Member of the Illinois Senate from the 26th district
- In office January 14, 2009 – April 3, 2016
- Preceded by: William E. Peterson
- Succeeded by: Dan McConchie

Personal details
- Born: March 11, 1966 (age 60) Chicago, Illinois
- Party: Republican
- Spouse: Kris Duffy
- Children: Five children
- Alma mater: Augustana College (B.A.)
- Profession: Businessman

= Dan Duffy =

American politician

Dan Duffy (born March 11, 1966) is a former Republican member of the Illinois Senate. He represented the 26th Senate District which includes Barrington, Barrington Hills, North Barrington, Libertyville, Mundelein, Lake Zurich, Fox River Grove, Lakewood Hills, Cary, Hawthorn Woods, Lake in the Hills, Cuba and Kildeer.

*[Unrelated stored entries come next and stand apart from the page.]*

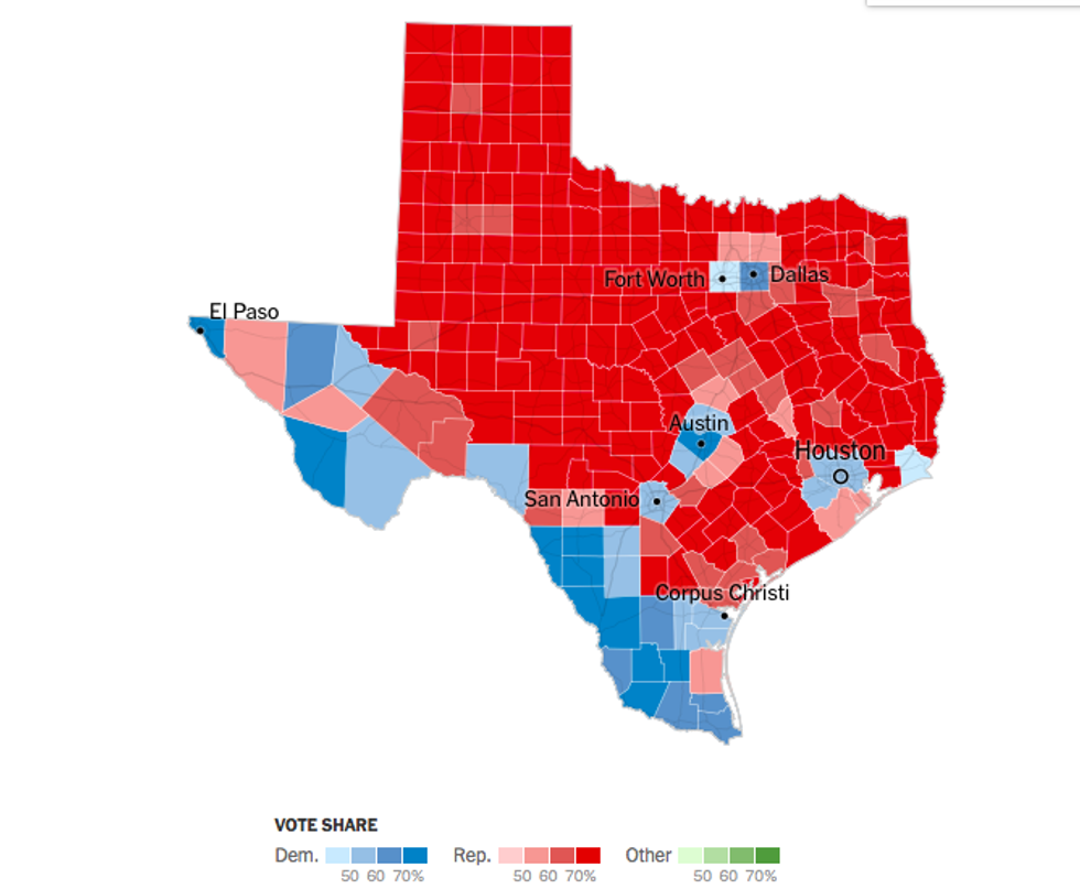 Texas is a historically red state with the Republican party wielding its power holding seats in Congress, presidencies, and in statewide and local elections. Although Beto tried to wield that power into the hands of the Democratic party, it proved that the red curtain could not be lifted. However, the win was not won by a landslide, in fact, it was won by just a slight margin of votes: 200,000. In percentages, that means Ted Cruz took 50.9% of the votes whereas Beto O'Rourke took 48.3% of the votes.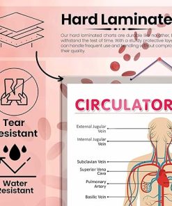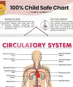 GOWOO presents THE CIRCULATORY SYSTEM in 20 x 30 inches. Embark on an enlightening journey through the human circulatory system with our meticulously designed chart. This educational masterpiece presents detailed diagrams of all the internal veins and arteries within the human body, accompanied by clear labelling of each blood vessel’s name. With comprehensive coverage of the circulatory network, learners will understand how blood travels through the body, delivering oxygen and nutrients to every tissue and organ. Engaging visuals aid in comprehending the intricate pathways and connections that facilitate proper blood flow. Perfect for medical students and anatomy enthusiasts, this chart is an invaluable resource for classrooms and self-guided study. Its hard-laminated surface ensures durability, making it a reliable study aid that will stand the test of time. As learners immerse themselves in the complexities of the circulatory system, they will develop a profound appreciation for the vital role of veins and arteries in sustaining life.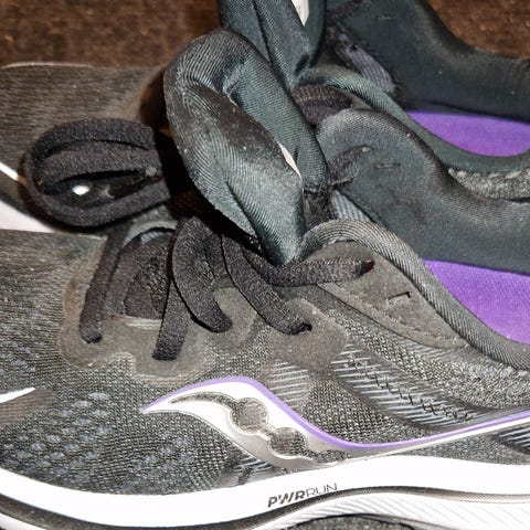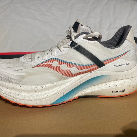Saucony löpning skor i storlek 42, vita med orange och blå detaljer. Skorna är designade för löpning och har en mesh-överdel för andningsförmåga och en dämpad sula för komfort under träning.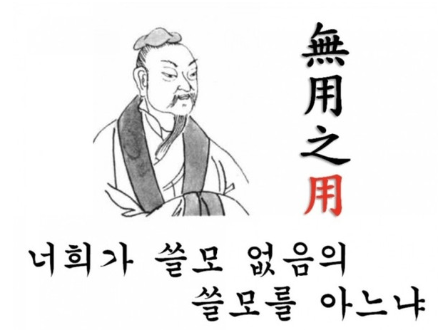 그래서 오늘의 주제는 ‘무용지용 (無用之用)’입니다. 무용지용은 장자가 한 말인데요 ‘언뜻 보기에 쓸모없는 것이 오히려 큰 구실을 한다‘는 뜻입니다.
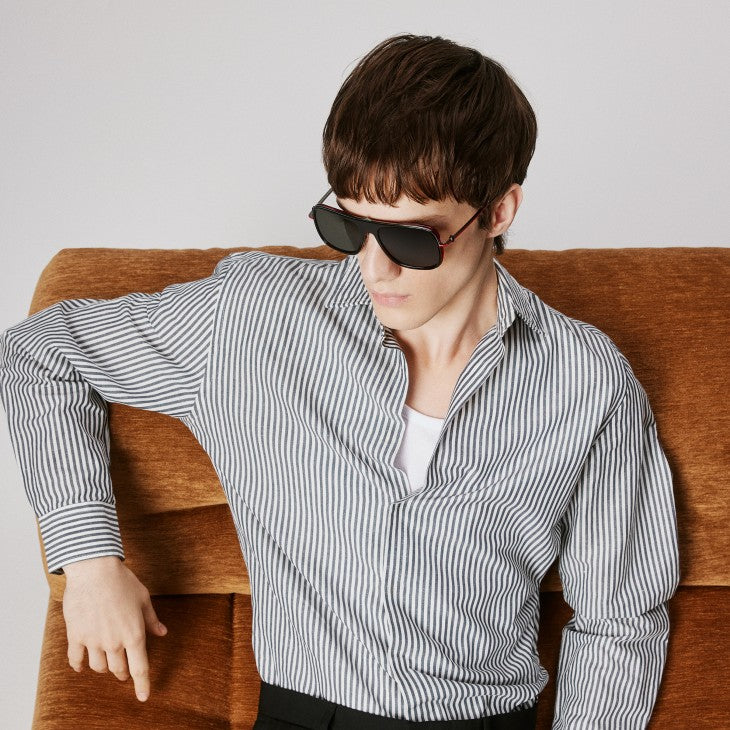 These navigator glasses are specially designed with clean, stylized lines that create an effortlessly chic look, its shiny acetate is reminiscent of the polished leather from traditional oxford shoes, as the Greggo ones, reflecting a bold yet classic statement.
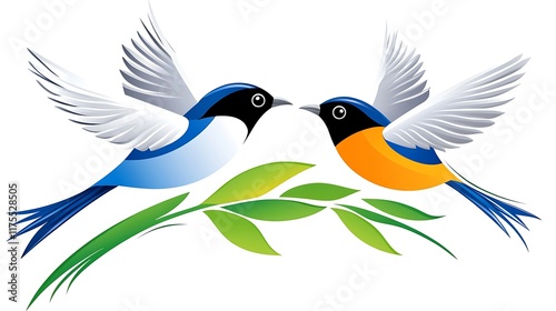 © RAKSIWAH, Naklejka premium Two Birds in Flight with Green Leaves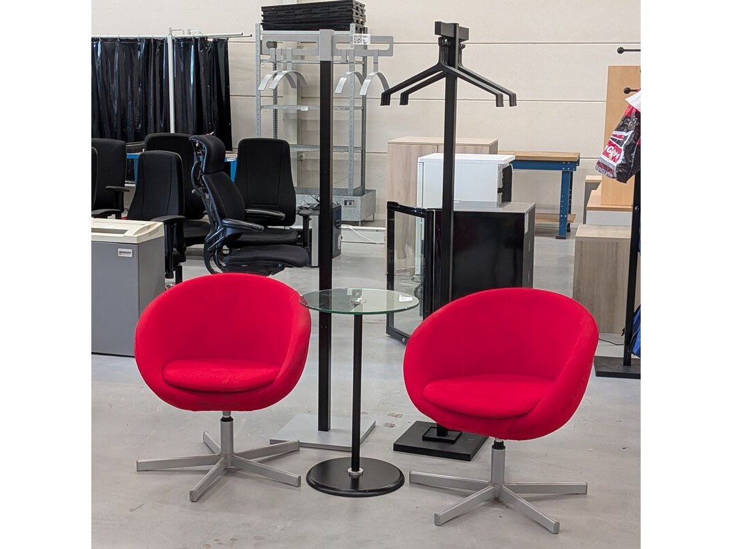 2x ontvangststoel met bijzettafel en 2x kapstok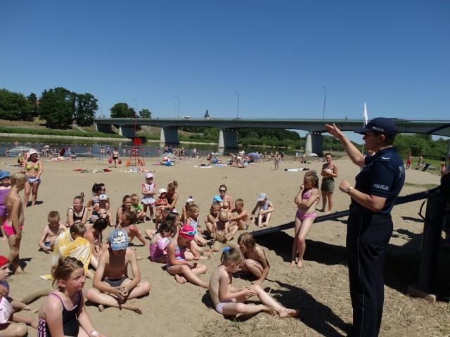 Upalne dni sprzyjają spędzaniu wolnego czasu nad wodą. Wyszkowscy policjanci o bezpieczeństwie nad wodą rozmawiali z dziećmi wypoczywającymi na plaży w Wyszkowie.

On September 10, 2015, Duffy announced he would not be running for a third term. He resigned after his endorsed successor won the Republican primary.

== Early life, education, and career ==
Duffy grew up on the south side of Chicago, the youngest of 11 children. He graduated from Augustana College in Rock Island, Illinois with a bachelor's degree in speech communication. After college, he moved to the northwest suburbs where he eventually moved to Lake Barrington with his wife Kris, with whom he has five children. Duffy became a board member of the National Federation of Independent Businesses Leadership Council (NFIB) of Illinois and became the Chairman of the Lake and Cook County Area Action Council for independent businesses. He was a co-owner of Effective Data, Inc. located in Schaumburg, Illinois.

== Illinois Senate ==
Duffy was elected to the Illinois Senate in 2008 defeating then-Round Lake Mayor Bill Gentes by sixteen points in what was originally seen to be a competitive race. He succeeded William E. Peterson, who retired after sixteen years in the Illinois Senate.

As a member of the Senate, Duffy was a co-sponsor of the bill that abolished the death penalty in Illinois.

Duffy endorsed Dave McSweeney over incumbent Representative Kent Gaffney in the 2012 Republican primary and was one of the first legislators to endorse Bruce Rauner in the 2014 Republican primary. He has endorsed Dan McConchie to succeed him in the Illinois Senate.

Duffy resigned from the Illinois Senate on April 3, 2016 in order to take the position of president and CEO of Prevent Childhood Abuse America.

===Committee assignments===
He serves on the following committees: Appropriations I, Commerce & Economic Development, Insurance, Labor, Public Health and the Committee on Pension Investments. He is also a past member of the Illinois Legislative Research Unit.